* YOUR INSTRUCTIONS:
Reproduce all entries below verbatim. Skip the pictures.

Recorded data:

---+---

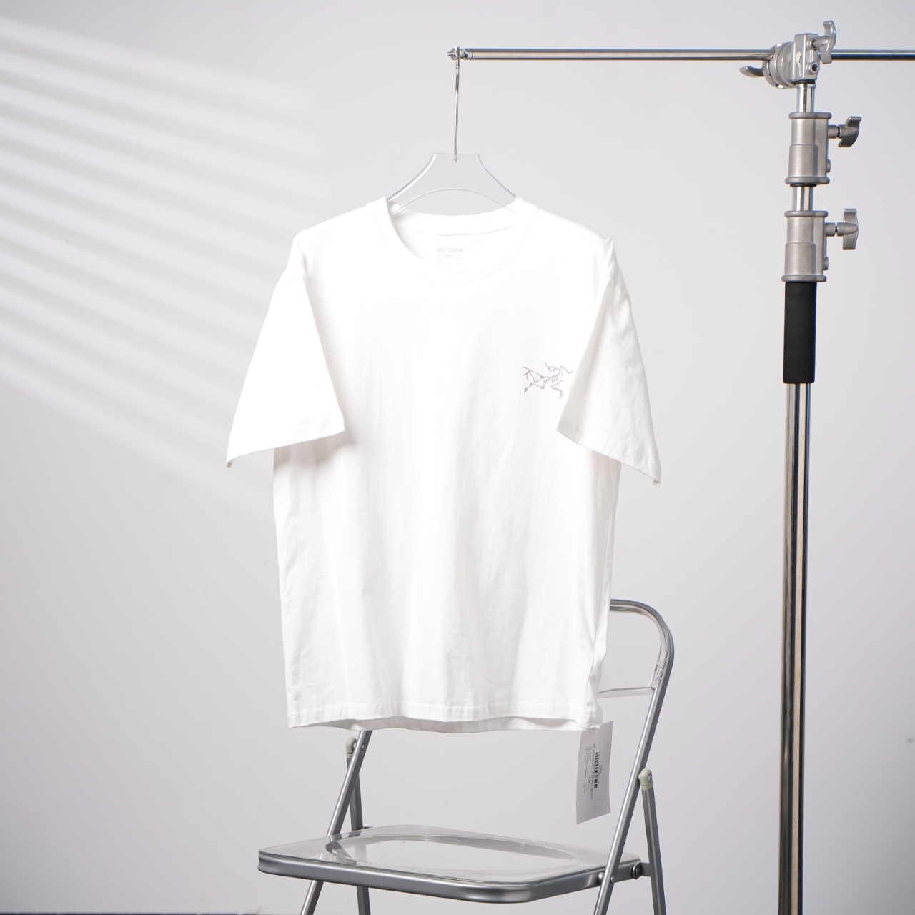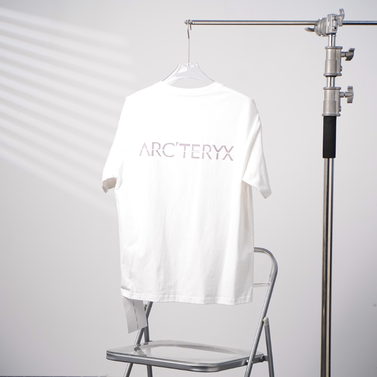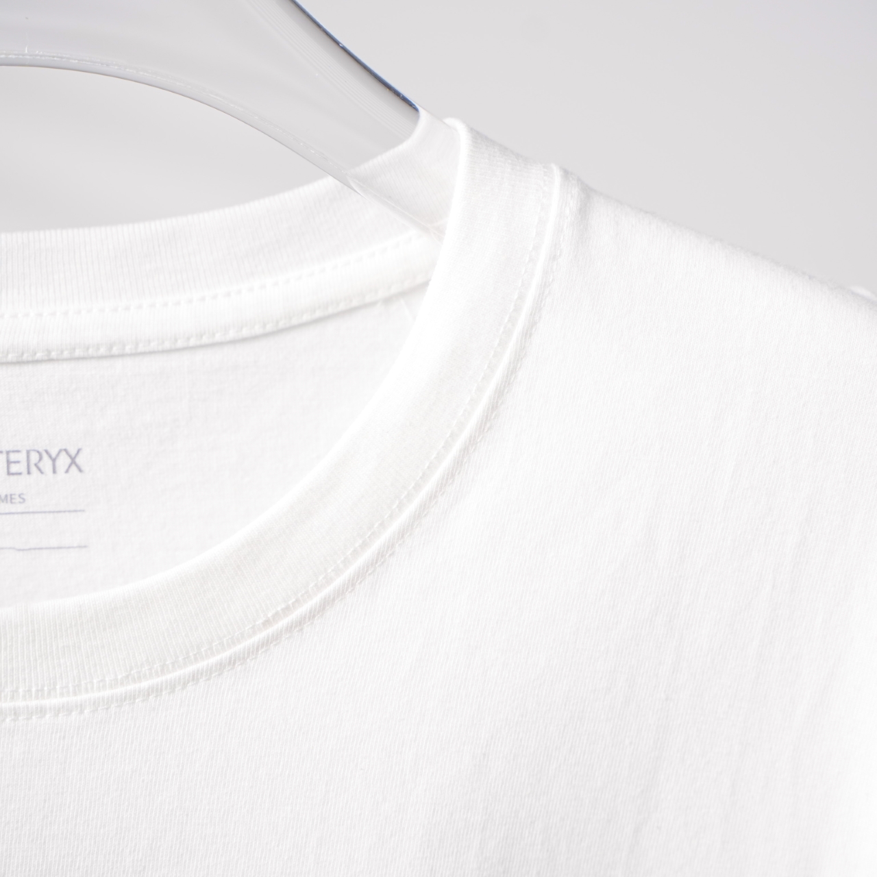 Factory direct Arc'teryx logo T-shirt. Sizes: M-3XL (240g), S-XXL (300g). Color: White.
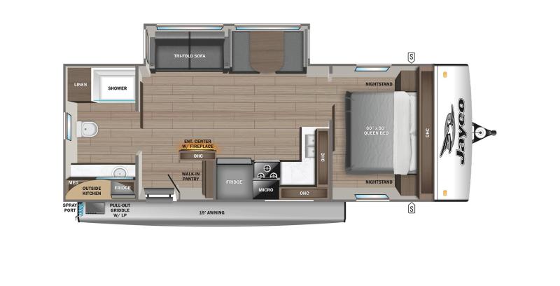 Jay Feather 25RB 2026 La Jay Feather 25RB 2026 est une roulotte moderne et bien équipée, idéale pour les familles ou les couples qui recherchent confort, autonomie et praticité sur la route. L’intérieur comprend un sofa-lit, une banquette, un fauteuil de style théâtre, un lit queen et un foyer, offrant un espace de vie convivial et chaleureux. La cuisine est complète avec un réfrigérateur 12 Volts, un poêle 3 ronds, un fourneau et un micro-ondes, idéale pour préparer vos repas facilement. La cuisinette extérieure permet de profiter pleinement des repas en plein air. Pour le confort et l’autonomie, cette unité dispose d’un air climatisé de 13 500 BTU, d’un chauffe-eau instantané, d’un chauffage de 12 000 BTU, d’un auvent, de pattes électriques et d’un panneau solaire de 200W. Les haut-parleurs extérieurs, la radio Bluetooth et l’éclairage DEL complètent l’expérience, assurant divertissement et praticité à l’intérieur comme à l’extérieur. Construite avec la technologie Azdel et une structure en aluminium, cette roulotte combine légèreté, durabilité et robustesse pour toutes vos aventures.
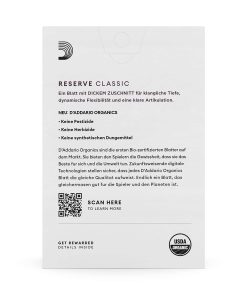 Como la primera caña orgánica certificada, D’Addario Organics ofrece a los músicos un nuevo nivel de confianza y seguridad junto con tecnología digital de próxima generación para garantizar que cada caña D’Addario Organics ofrezca una consistencia inigualable. Elaboradas con un blanco más angosto y cono de blanco, las cañas D’Addario Organics Reserve Classic Deutsche Klarinette están específicamente diseñadas para boquillas alemanas, aunque también son adecuadas para ser utilizadas en boquillas francesas, así como en clarinete en Mi bemol y en instrumentos de periodo temprano.
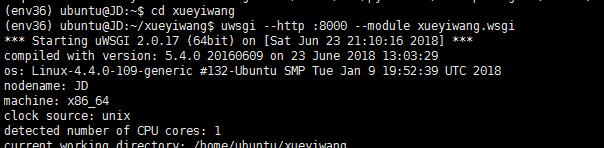 cd xueyiwang uwsgi --http :8000 --module xueyiwang.wsgi #通过uwsgi启动项目,这一步必须在项目目录下操作执行 #ctrl+C键关闭项目服务状态 #fuser -k 8000/tcp #关闭8000端口占用 #浏览器访问公网ip+8000 仍然可以正常访问,证明uwsgi安装成功
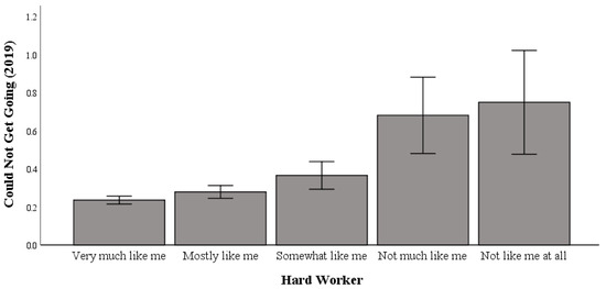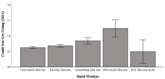 Univariate testing indicated a significant difference in the relationship between working hard and “getting going” in 2019 (range: 0 to 3 (higher scores indicate more incidents of being unable to “get going”); F (4, 5032) = 10.931; p < 0.001; η2p = 0.009; pwr = 1.00). Post hoc comparisons using Bonferroni correction indicated significant differences in working hard, whereby the “not like me at all to work hard” (M = 0.75) group had significantly higher levels of difficulty “getting going” than the “very much like me to work hard” (M = 0.24) and “mostly like me to work hard” (M = 0.28) groups (Table 2).
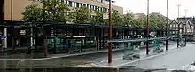 Outside station is the main bus station, opened in 2006,[10] and a park-and-ride car park. At the bus station is the information centre of the Verkehrsgemeinschaft Aalen (Aalen Transport Corporation). In 2003 a bike parking area with 204 places was opened,[11] which is under video surveillance for protection from theft.[12]
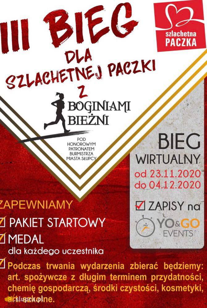 Boginie Bieżni zapraszają na III Edycje Biegu dla Szlachetnej Paczki, trwają zapisy. Jednakże z zaistniałą sytuacją i ograniczeniami postanowiliśmy zorganizować bieg wirtualnie. Tak jak w poprzednich latach będziemy zbierać dary tj. art spożywcze, chemię gospodarcza, art szkolne i wszystko to co uważacie, że może przydać się rodzinie w potrzebie. W wydarzeniu można wziąć udział w dowolnym miejscu, indywidualnie w terminie od 23 listopada do 4 grudnia 2020r. Wystarczy przebiec, przejść, przejechać na rowerze, wybrany przez siebie dowolny dystans (jednak nie mniej niż 1 km) i udokumentować go poprzez zapisanie aktywności na dowolnym urządzeniu rejestrującym trasę i czas. Zapisana aktywność na dowolnym urządzeniu z gps posłuży jako dowód odbycia biegu uprawniający do odbioru medalu oraz pakietu startowego. Zrzut zdjęcia z aktywności należy opublikować na swoim fb (post publiczny), lub na fb BoginieBieżni z hasztagiem #boginiedlaszlachetnej. W przypadku kiedy to uczestnik nie korzysta z portalu społecznościowego facebook, zrzut ekranu należy przesłać na email biuro@yogoecents.pl

---+---

* SOLUTION TO THE PROBLEM:
 Factory direct Arc'teryx logo T-shirt. Sizes: M-3XL (240g), S-XXL (300g). Color: White.
 Jay Feather 25RB 2026 La Jay Feather 25RB 2026 est une roulotte moderne et bien équipée, idéale pour les familles ou les couples qui recherchent confort, autonomie et praticité sur la route. L’intérieur comprend un sofa-lit, une banquette, un fauteuil de style théâtre, un lit queen et un foyer, offrant un espace de vie convivial et chaleureux. La cuisine est complète avec un réfrigérateur 12 Volts, un poêle 3 ronds, un fourneau et un micro-ondes, idéale pour préparer vos repas facilement. La cuisinette extérieure permet de profiter pleinement des repas en plein air. Pour le confort et l’autonomie, cette unité dispose d’un air climatisé de 13 500 BTU, d’un chauffe-eau instantané, d’un chauffage de 12 000 BTU, d’un auvent, de pattes électriques et d’un panneau solaire de 200W. Les haut-parleurs extérieurs, la radio Bluetooth et l’éclairage DEL complètent l’expérience, assurant divertissement et praticité à l’intérieur comme à l’extérieur. Construite avec la technologie Azdel et une structure en aluminium, cette roulotte combine légèreté, durabilité et robustesse pour toutes vos aventures.
 Como la primera caña orgánica certificada, D’Addario Organics ofrece a los músicos un nuevo nivel de confianza y seguridad junto con tecnología digital de próxima generación para garantizar que cada caña D’Addario Organics ofrezca una consistencia inigualable. Elaboradas con un blanco más angosto y cono de blanco, las cañas D’Addario Organics Reserve Classic Deutsche Klarinette están específicamente diseñadas para boquillas alemanas, aunque también son adecuadas para ser utilizadas en boquillas francesas, así como en clarinete en Mi bemol y en instrumentos de periodo temprano.
 cd xueyiwang uwsgi --http :8000 --module xueyiwang.wsgi #通过uwsgi启动项目,这一步必须在项目目录下操作执行 #ctrl+C键关闭项目服务状态 #fuser -k 8000/tcp #关闭8000端口占用 #浏览器访问公网ip+8000 仍然可以正常访问,证明uwsgi安装成功
 Univariate testing indicated a significant difference in the relationship between working hard and “getting going” in 2019 (range: 0 to 3 (higher scores indicate more incidents of being unable to “get going”); F (4, 5032) = 10.931; p < 0.001; η2p = 0.009; pwr = 1.00). Post hoc comparisons using Bonferroni correction indicated significant differences in working hard, whereby the “not like me at all to work hard” (M = 0.75) group had significantly higher levels of difficulty “getting going” than the “very much like me to work hard” (M = 0.24) and “mostly like me to work hard” (M = 0.28) groups (Table 2).
 Outside station is the main bus station, opened in 2006,[10] and a park-and-ride car park. At the bus station is the information centre of the Verkehrsgemeinschaft Aalen (Aalen Transport Corporation). In 2003 a bike parking area with 204 places was opened,[11] which is under video surveillance for protection from theft.[12]
 Boginie Bieżni zapraszają na III Edycje Biegu dla Szlachetnej Paczki, trwają zapisy. Jednakże z zaistniałą sytuacją i ograniczeniami postanowiliśmy zorganizować bieg wirtualnie. Tak jak w poprzednich latach będziemy zbierać dary tj. art spożywcze, chemię gospodarcza, art szkolne i wszystko to co uważacie, że może przydać się rodzinie w potrzebie. W wydarzeniu można wziąć udział w dowolnym miejscu, indywidualnie w terminie od 23 listopada do 4 grudnia 2020r. Wystarczy przebiec, przejść, przejechać na rowerze, wybrany przez siebie dowolny dystans (jednak nie mniej niż 1 km) i udokumentować go poprzez zapisanie aktywności na dowolnym urządzeniu rejestrującym trasę i czas. Zapisana aktywność na dowolnym urządzeniu z gps posłuży jako dowód odbycia biegu uprawniający do odbioru medalu oraz pakietu startowego. Zrzut zdjęcia z aktywności należy opublikować na swoim fb (post publiczny), lub na fb BoginieBieżni z hasztagiem #boginiedlaszlachetnej. W przypadku kiedy to uczestnik nie korzysta z portalu społecznościowego facebook, zrzut ekranu należy przesłać na email biuro@yogoecents.pl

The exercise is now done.